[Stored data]
--------------------------------

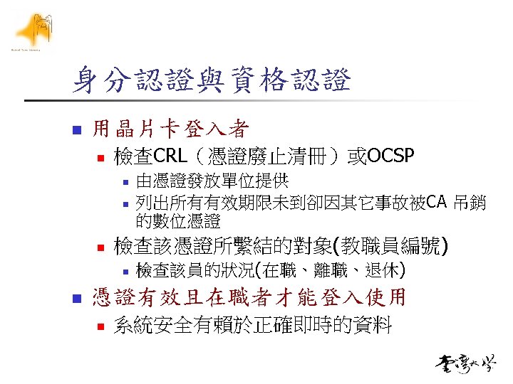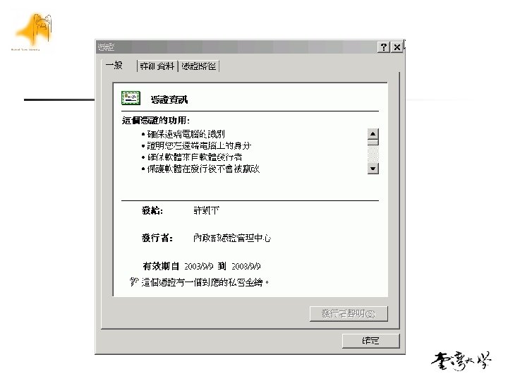 自然人憑證 Subject Name Value 許凱平 Issuer Name 內政部憑證管理中心 2. 5. 29. 9 *3698 Right(idno, 4) RFC 822 Name kphsu@ntu. edu. tw email Cert. SN 00 A 4 363 A CAB 7 CF 06 C 7 C 8 AC 22 71 EC 67 A 9 14 Field n idno: Citizen’s ID Number Remark unicode
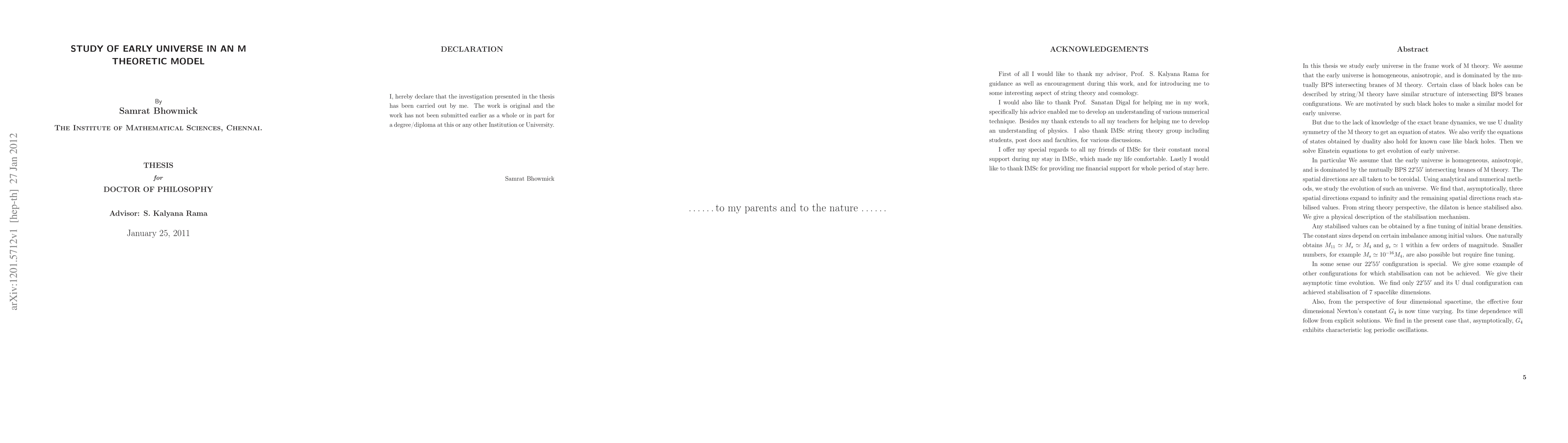 In this thesis we study early universe in the frame work of M theory. In particular We assume that the early universe is homogeneous, anisotropic, and is dominated by the mutually BPS 22'55' intersecting branes of M theory. We find that, asymptotically, three spatial directions expand to infinity and the remaining spatial directions reach stabilised values. We give a physical description of the stabilisation mechanism.
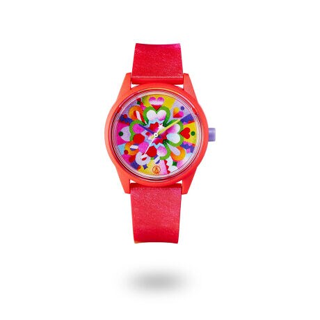 一見左右対称なようで実はアシンメトリーなグラフィックが描かれた文字板は、気分があがるようなカラフルな色彩。
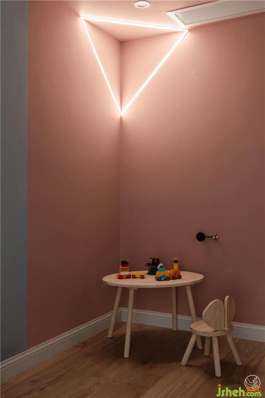 同樣呼應男孩房間,門后做了頂面墻面全粉色的設計,墻角的三角形線條光帶就像愛麗絲的兔子洞,望進去就是一個甜美的異想世界。室內(nèi)設計師
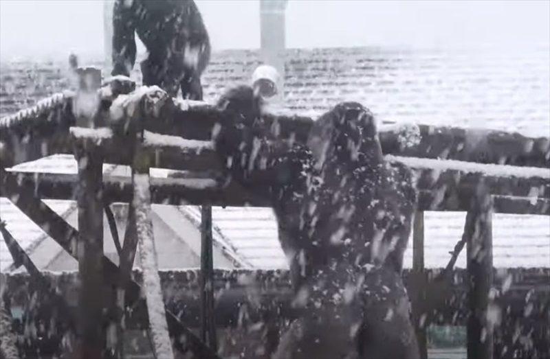 その後、オウンビは屋根の上に積もっている雪を手ですくい、何度も口へ運びます。自然のシャーベットは美味しくてたまらない!?
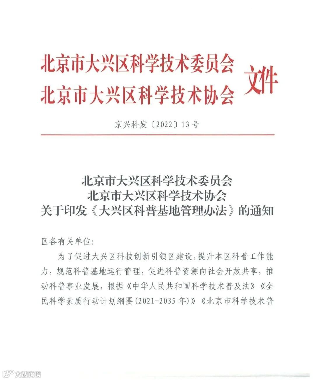 关于开展2023年大兴区科普基地申报工作的通知
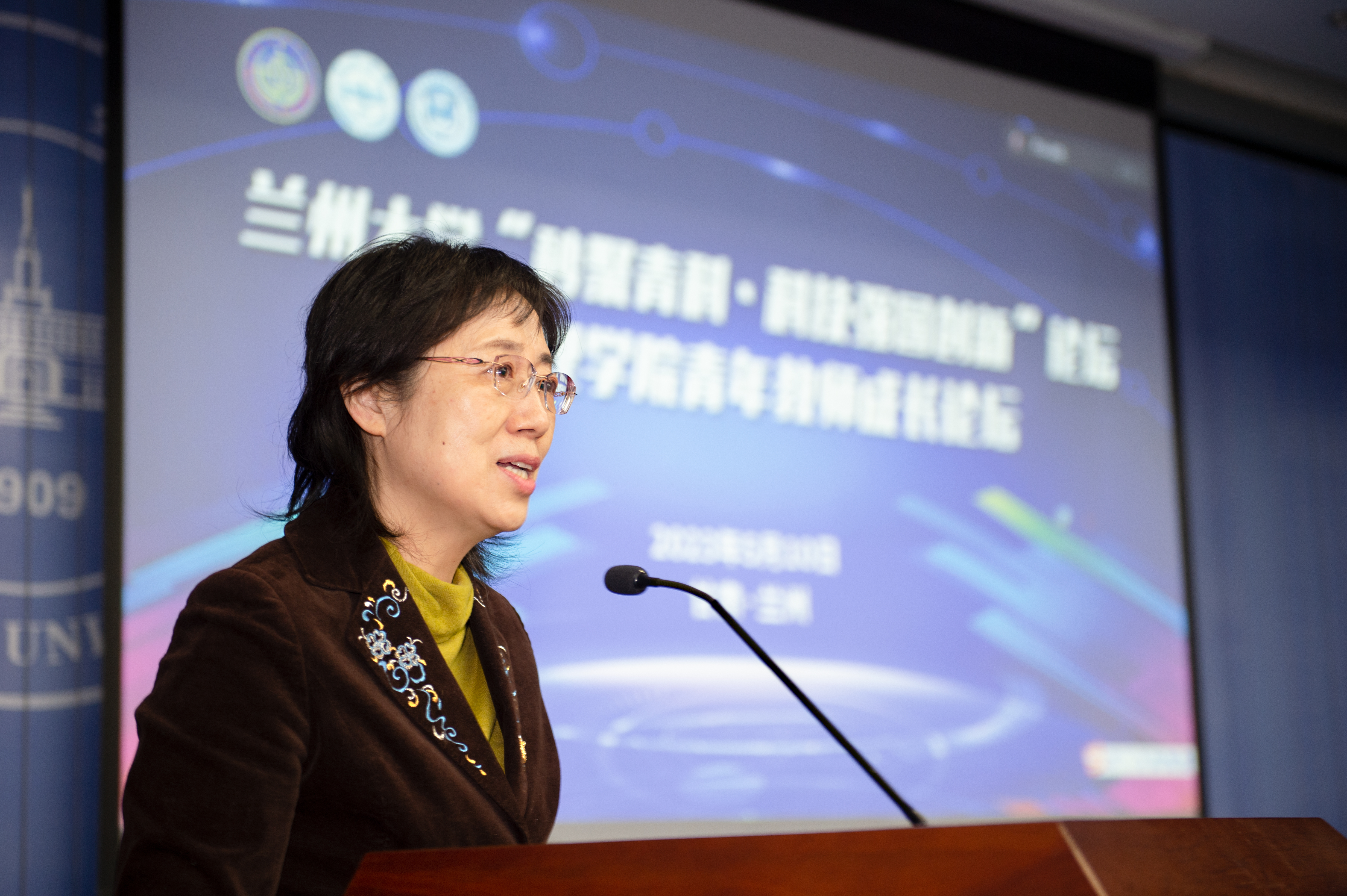论坛开始前,兰州大学党委书记马小洁在逸夫科学馆贵宾厅会见了李得天院士。
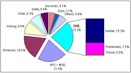 2006年以來,中國(guó)UPS市場(chǎng)開始了廠商之間一系列的并購整合,競(jìng)爭(zhēng)格局開始重新洗牌,直到2008年,新的格局才基本確立。目前,市場(chǎng)第一陣營(yíng)被國(guó)際三巨頭伊頓、施耐德、艾默生占據(jù),市場(chǎng)份額達(dá)到63.3%。而科華、科士達(dá)這兩個(gè)國(guó)內(nèi)自主品牌廠商也憑借良好的發(fā)展?fàn)顟B(tài)和合理的市場(chǎng)策略脫穎而出,躋身UPS市場(chǎng)的第二陣營(yíng)。
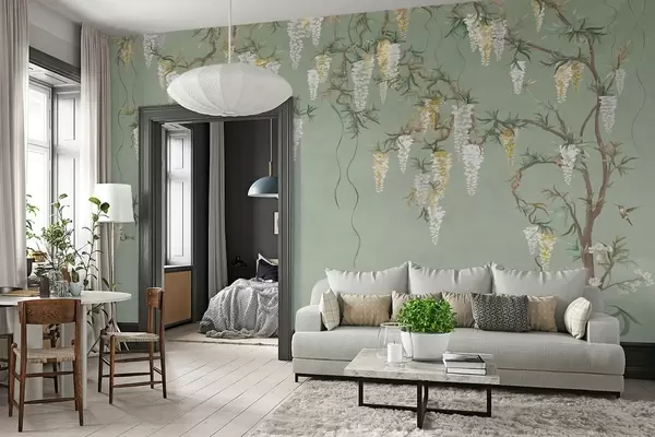Fototapetes Ziedošas zaras ar baltiem ziediem un putniem uz zaļā fona Nr. w05394

--------------------------------

> **ACTIVITY**: A word-for-word copy is needed of the lines from the line with "2006年以來,中國(guó" through the last line of the entries above, with both ends kept and the pictures dropped.

> **WRITTEN REPLY**:
 2006年以來,中國(guó)UPS市場(chǎng)開始了廠商之間一系列的并購整合,競(jìng)爭(zhēng)格局開始重新洗牌,直到2008年,新的格局才基本確立。目前,市場(chǎng)第一陣營(yíng)被國(guó)際三巨頭伊頓、施耐德、艾默生占據(jù),市場(chǎng)份額達(dá)到63.3%。而科華、科士達(dá)這兩個(gè)國(guó)內(nèi)自主品牌廠商也憑借良好的發(fā)展?fàn)顟B(tài)和合理的市場(chǎng)策略脫穎而出,躋身UPS市場(chǎng)的第二陣營(yíng)。
Fototapetes Ziedošas zaras ar baltiem ziediem un putniem uz zaļā fona Nr. w05394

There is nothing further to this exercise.